*** Begin section ***
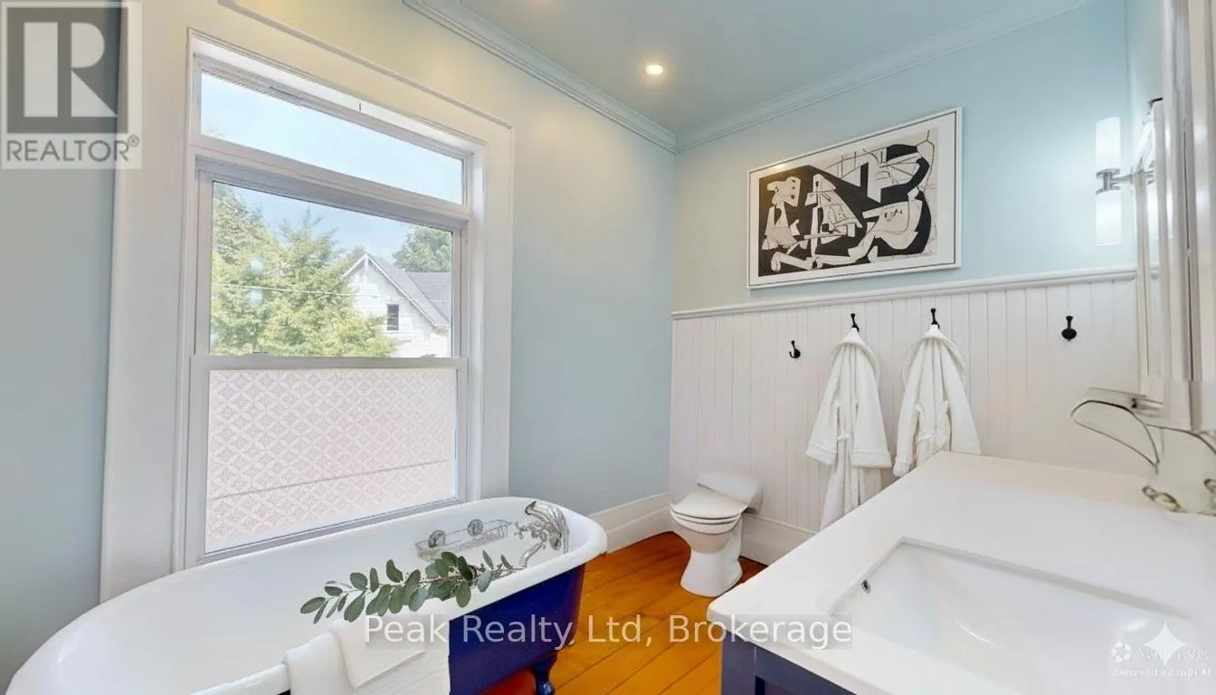 Cross Streets: Huron St. & Douglas St. ** Directions: Huron St. at Turn West onto Douglas St. look for sign. Also Parking off of T.J. dolan Dr. on back of property. Charming 1869 Home with River Views in Stratford. Enjoy tranquil views of the Avon River from your sunroom, deck, or second-floor balcony in this beautifully maintained 1869 home. Perfectly located just a short walk from downtown, you will have fine restaurants, boutique shops, and the city's vibrant cultural amenities right at your doorstep. Thoughtful updates blend seamlessly with the home's timeless historic character. The main floor welcomes you with an open staircase, a renovated kitchen and dining area, and a spacious living room with a cozy fireplace. A bright back addition adds convenience and charm, offering a main floor bathroom and a family room overlooking the river. Upstairs, the generous primary suite includes its own ensuite, complemented by two additional bedrooms and a full bathroom. Step out onto the upper balconies to enjoy panoramic views. Outside, relax on your private rear deck with gas fire pit and enjoy the mature landscaped gardens with direct access to the scenic River Walk Trails system, just minutes from Stratford's world-renowned Festival Theatre. (id:27476)
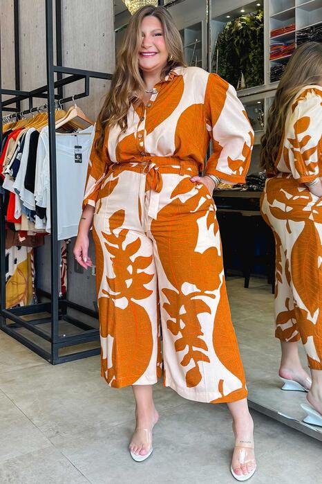 Conjunto Plus Size Calça Camisa Tricot. Prepare-se para arrasar com nosso deslumbrante conjunto! Confeccionado com o luxuoso viscolinho de alta qualidade, este conjunto é um verdadeiro exemplo de estilo e conforto. A camisa, com um charmoso comprimento cropped, apresenta uma modelagem soltinha que abraça suas curvas com delicadeza. As mangas curtas e a gola colarinho adicionam um toque clássico e elegante, enquanto o abotoamento frontal e os bolsos falsos trazem um toque de sofisticação e praticidade. Os detalhes de tricot delicadamente posicionados acima do busto e nas mangas elevam o visual, proporcionando um acabamento refinado e moderno. A calça, com sua modelagem reta e cintura alta, é o complemento perfeito para este conjunto deslumbrante. Forrada para garantir o máximo de conforto, apresenta um fechamento frontal por botão e zíper, além de cós com passantes aplicados para um ajuste perfeito. Os recortes frontais estratégicos adicionam um toque de charme e estilo, destacando sua silhueta de forma elegante e sofisticada. Seja para uma ocasião especial ou para um dia casual, este conjunto é a escolha ideal para mulheres que buscam estilo e conforto sem abrir mão da sofisticação. Garanta já o seu e sinta-se confiante e deslumbrante em qualquer momento!
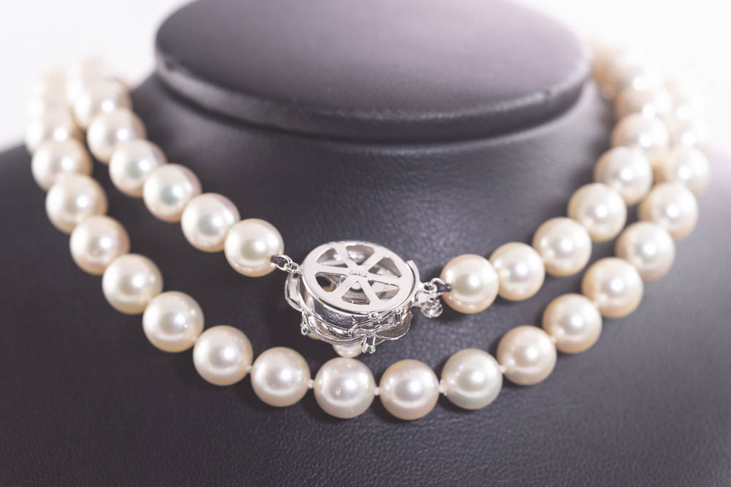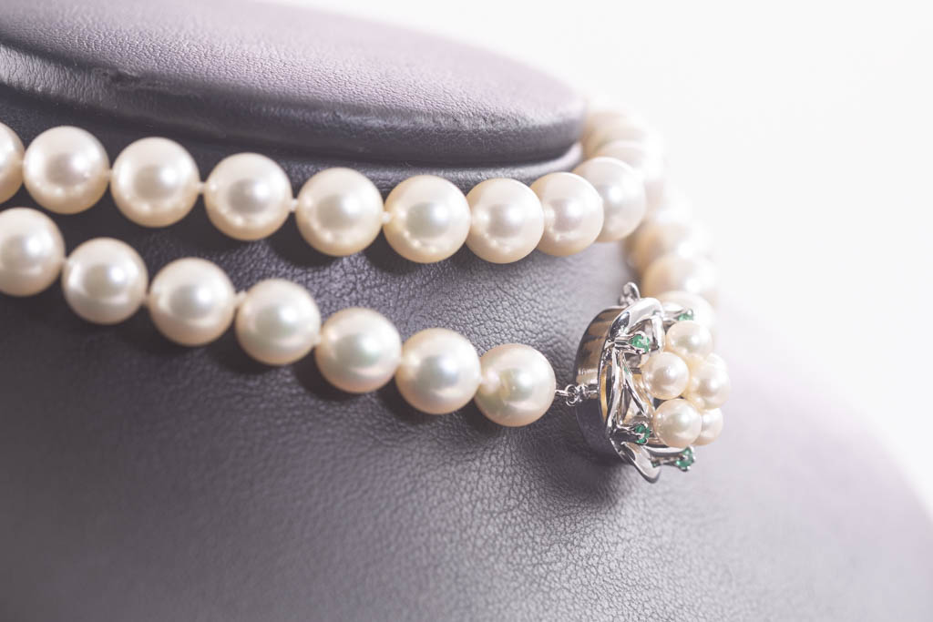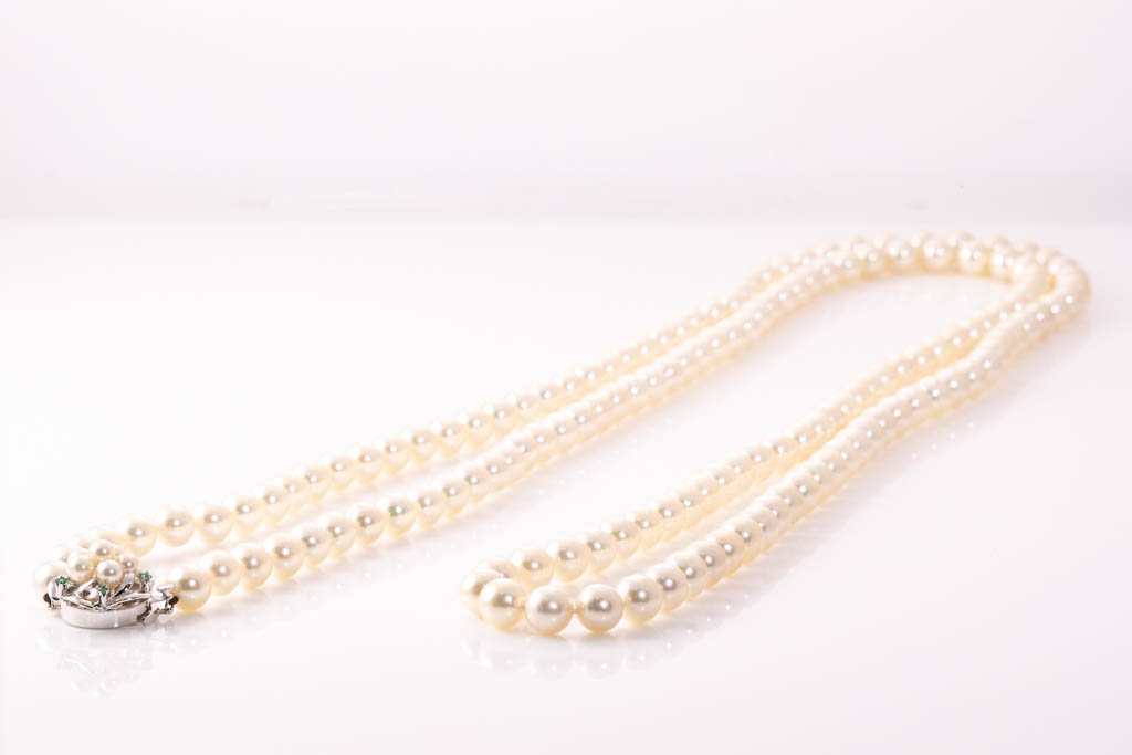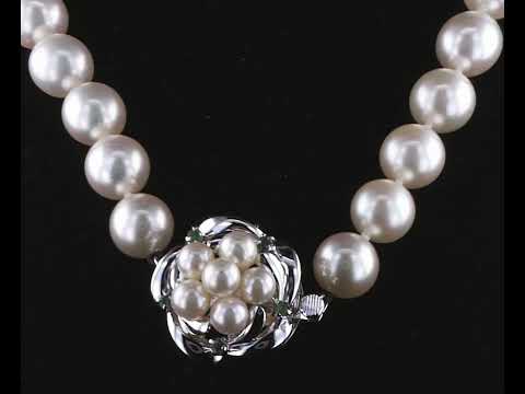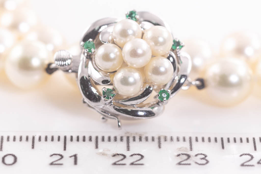 Pearl necklace with Akoya Pearls of 8.0mm - 8.3mm. 14ct white gold clasp set with 6 Akoya Pearl of 5.5mm-5.0mm and 5 round Emeralds totalling 0.15cts. Length approximately 134cm. Weight: 123.5g. (Pre-owned)
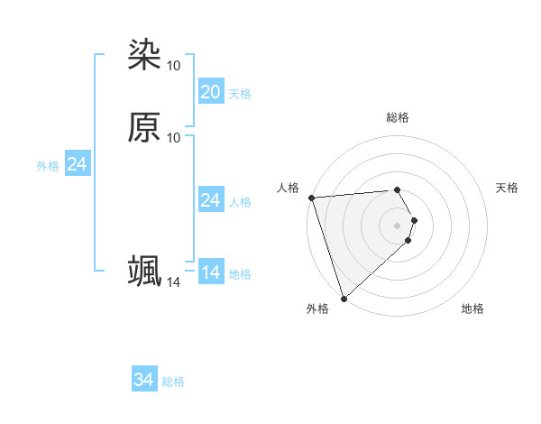 染原 颯さんの総格は34画の2点!
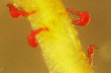 Reniform nematodes, which have been stained red, feeding on cotton roots (Robinson et al.).
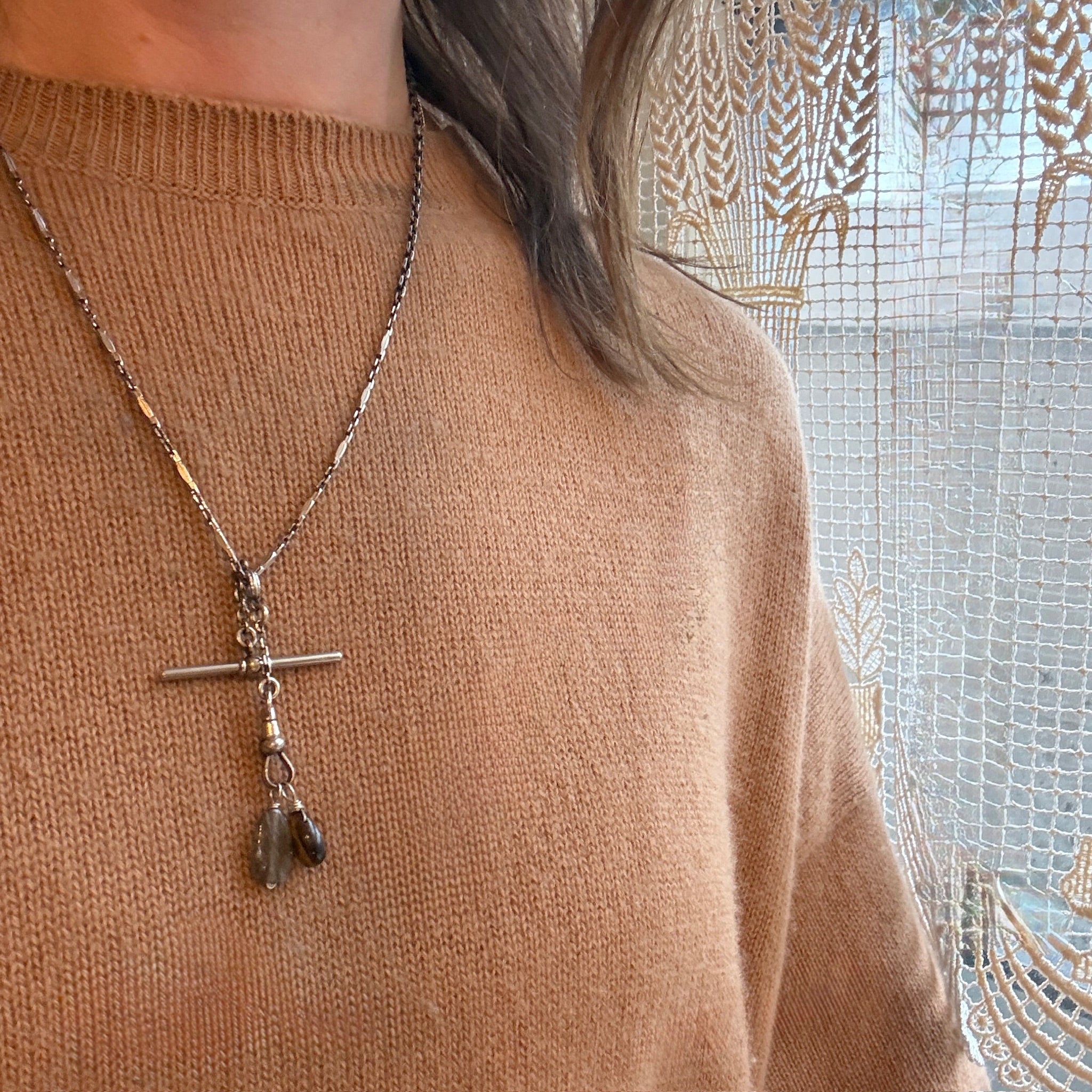 Details.....The necklace measures 19" long. The chain measure 4.5mm wide. The drop is 2" long. Each item from this jewelry line is unique and incorporates re-purposed vintage and antique pieces. Small imperfections are to be expected and considered part of their charm.
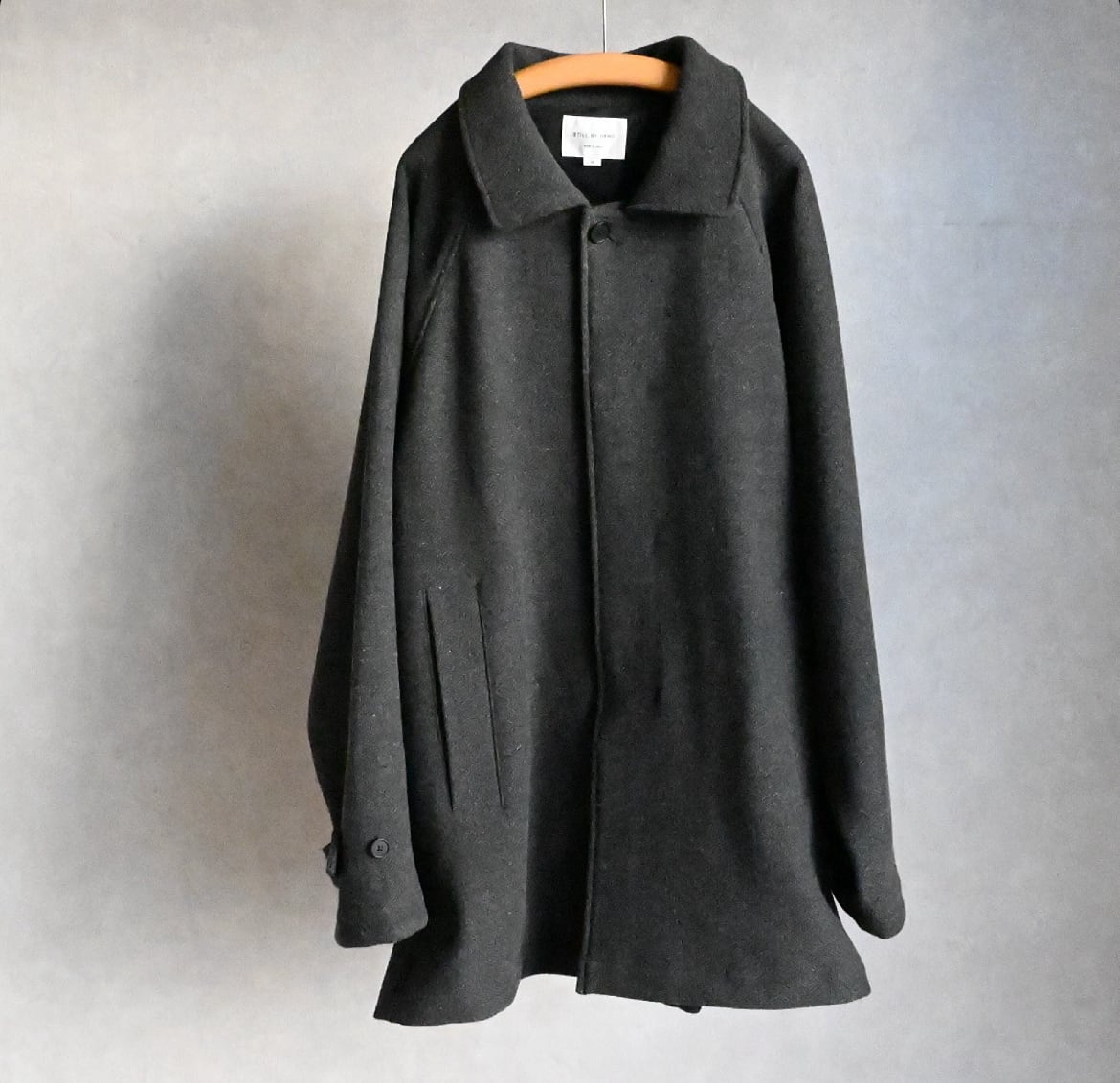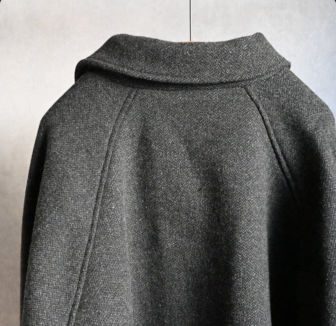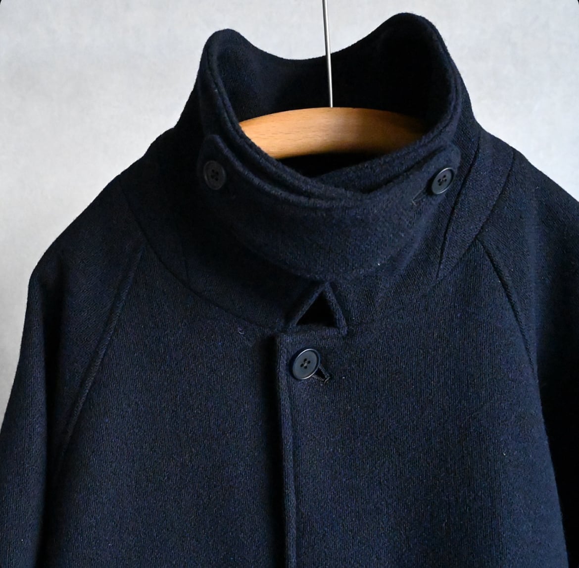 縦糸に太さの違う糸を交互に配置することで、無地でありながらストライプ上の凹凸のあるウール素材のハーフ丈ステンカラーコート。ハーフ丈にしたことで少し違和感のある面白いバランスになりました。アンブレラヨークと少し長めの袖のストラップもポイントです。
*** End section ***
Leave every picture out and copy precisely the lines from the one containing "Details.....The necklace measures" through the last line of the data above, both ends included.

Expected answer -
 Details.....The necklace measures 19" long. The chain measure 4.5mm wide. The drop is 2" long. Each item from this jewelry line is unique and incorporates re-purposed vintage and antique pieces. Small imperfections are to be expected and considered part of their charm.
 縦糸に太さの違う糸を交互に配置することで、無地でありながらストライプ上の凹凸のあるウール素材のハーフ丈ステンカラーコート。ハーフ丈にしたことで少し違和感のある面白いバランスになりました。アンブレラヨークと少し長めの袖のストラップもポイントです。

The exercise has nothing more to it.